Pedro Miguel Simoes Fragoso Dias (born 7 June 1973), also known as Chiquinho, is a Portuguese retired football player and a current manager.

== Player ==
Born in Lisbon, Chiquinho began playing football at the youth level with GDRT Petrogal in 1984. He moved to Sport Grupo Sacavenense and eventually Sporting Clube of Portugal signed him two-year contract. In 1992, Chiquinho was loaned to Sporting Clube Lourinhanense in the Portuguese Second Division. The following year he was loaned out to S.C.U. Torreense of the Segunda Liga. After finishing his contract with Sporting CP he signed with CD Nacional where he played for 4 seasons.

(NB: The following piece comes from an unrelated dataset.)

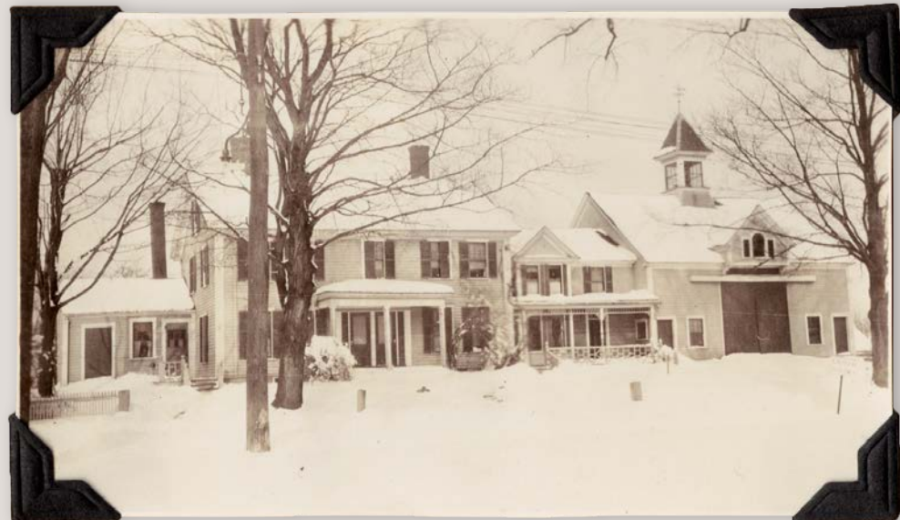
Transforming a historic but compromised Carlisle, MA home back to its original grace, and creating a collaborative workspace for our team, was a true labor of love with the most joyful results.

After that he signed with Portimonense S.C., and signed Clube Desportivo Ribeira Brava in 1999. In 2000, he signed with Associação Desportiva de São Vicente. He would finish off his career with Centro Social de Camâra de Lobos and with Estrela Da Calheta Futebol Clube in 2005.

== Manager ==
Pedro Dias started coaching at CD Nacional, remaining 1 year. From 2007 to 2010 he was in charge of Benfica Soccer Schools and Beira-Mar FC in Toronto youth Clubs and Soccer Academies.

In 2010–11 Dias was appointed Youth Technical Director of CS Maritimo until he returned to Canada, in May 2011, to lead the Sporting FC Academy.